↓↓↓
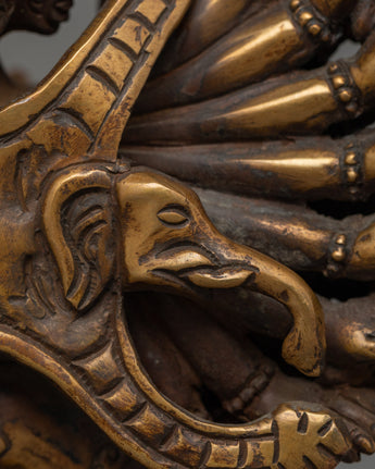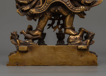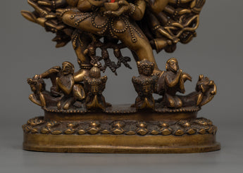 Discover the rich symbolism of the yamantaka-antique-touch statue, a striking portrayal standing 28.5 cm tall. This statue, made of copper and gilded in 24K gold, has an antique appearance that highlights its precise engravings and powerful iconography. Weighing 4.04 kg, its commanding presence draws attention and veneration, making it a focal point in any situation.
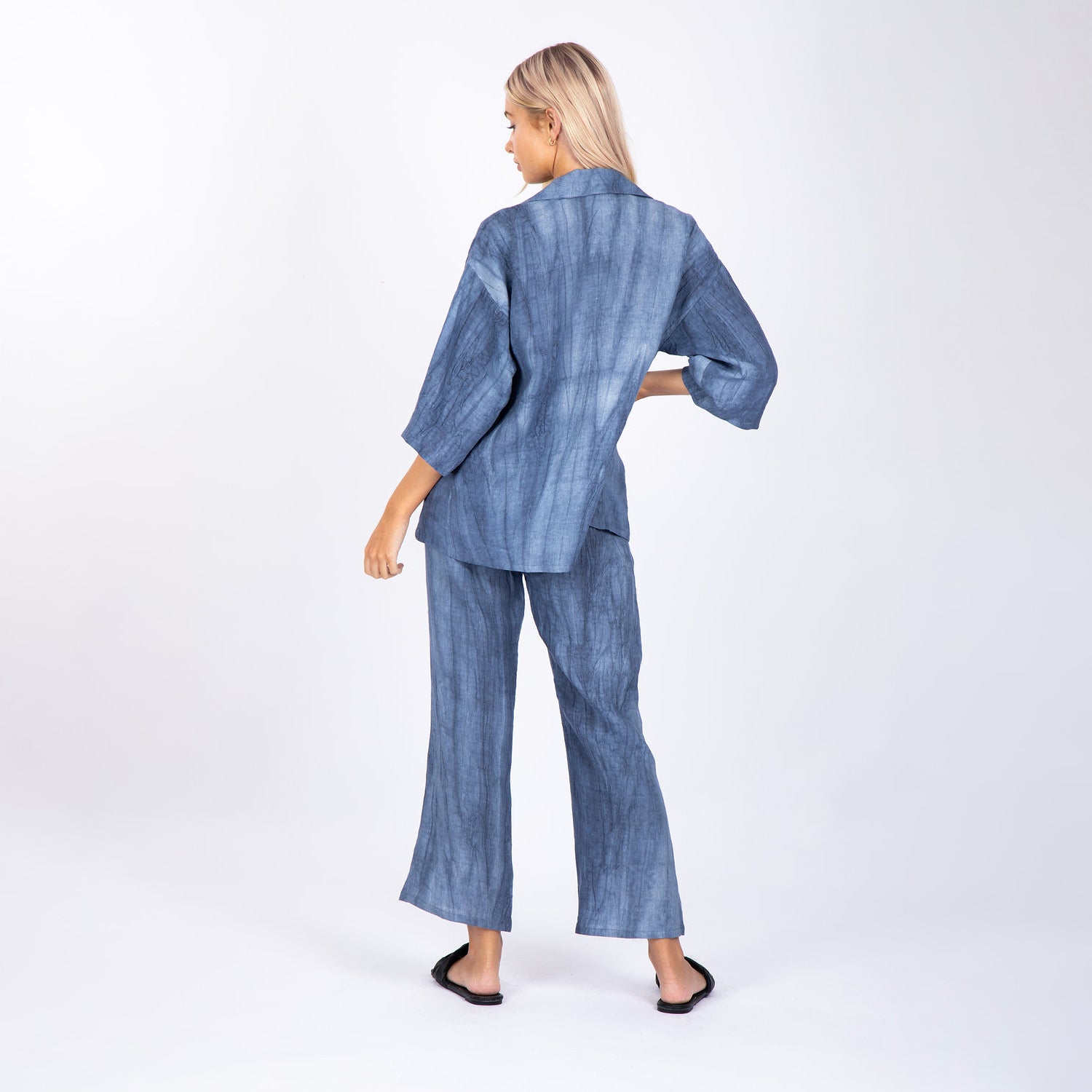 The elevated tuxedo set in blue tie-dye linen is tailored to perfection. Boxy and structured but fits seamlessly on all body types.
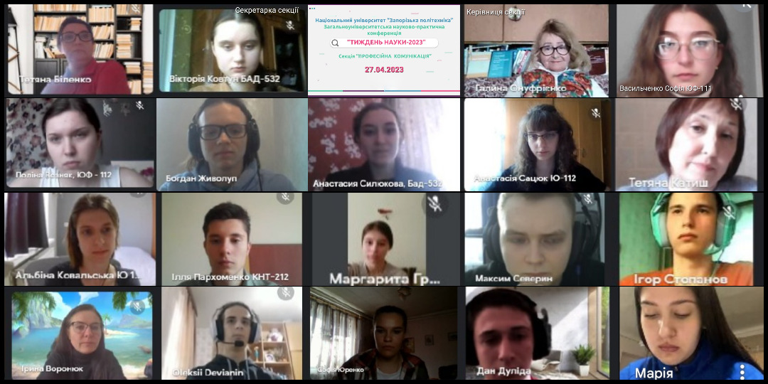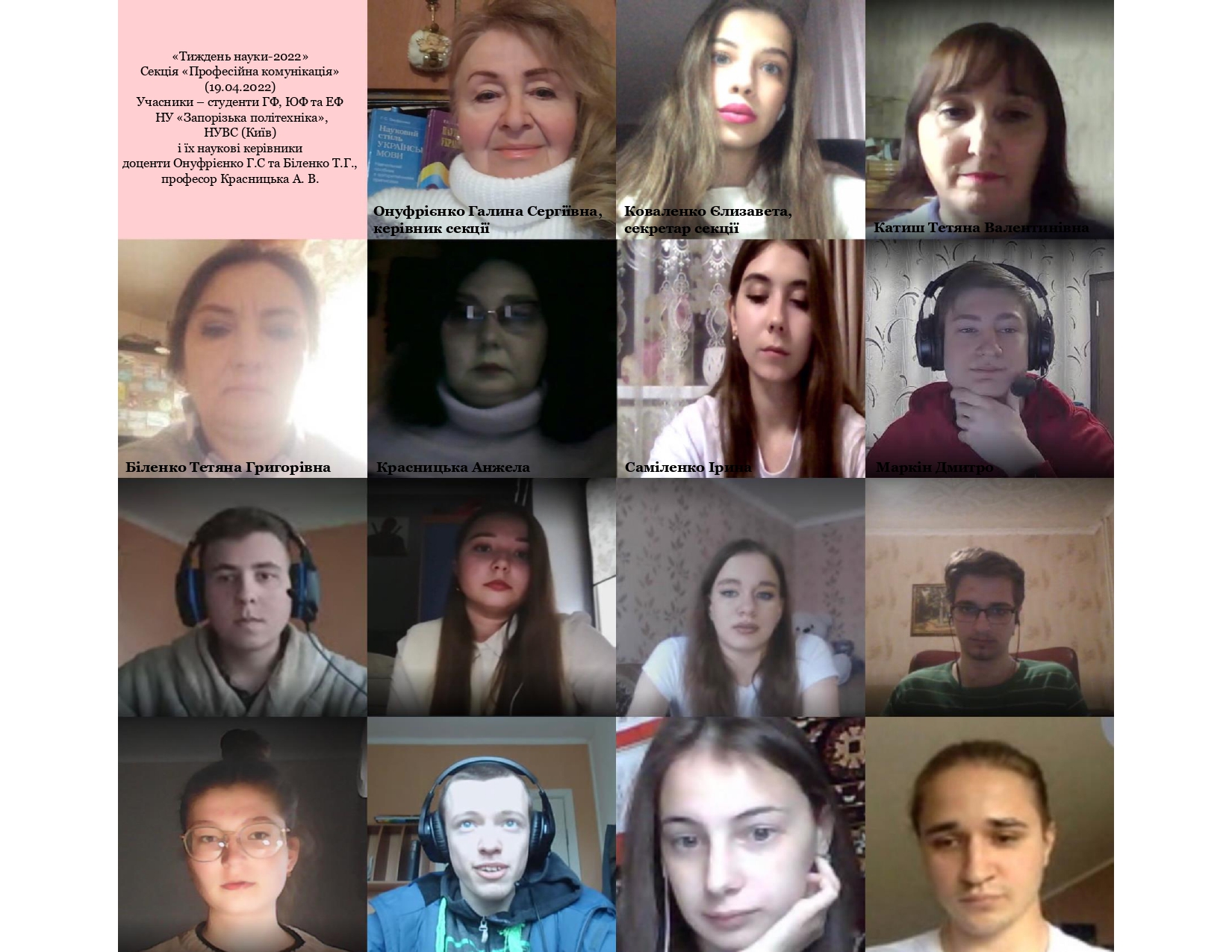 про заслухані й обговорені доповіді на секції "Професійна комунікація" та про свою участь у роботі секції, що відбулася 21.04.2021 р. в межах традиційного "Тижня науки" в НУ"Запорізька політехніка"
↑↑↑
Write the listing out exactly, apart from its pictures.

 Discover the rich symbolism of the yamantaka-antique-touch statue, a striking portrayal standing 28.5 cm tall. This statue, made of copper and gilded in 24K gold, has an antique appearance that highlights its precise engravings and powerful iconography. Weighing 4.04 kg, its commanding presence draws attention and veneration, making it a focal point in any situation.
 The elevated tuxedo set in blue tie-dye linen is tailored to perfection. Boxy and structured but fits seamlessly on all body types.
 про заслухані й обговорені доповіді на секції "Професійна комунікація" та про свою участь у роботі секції, що відбулася 21.04.2021 р. в межах традиційного "Тижня науки" в НУ"Запорізька політехніка"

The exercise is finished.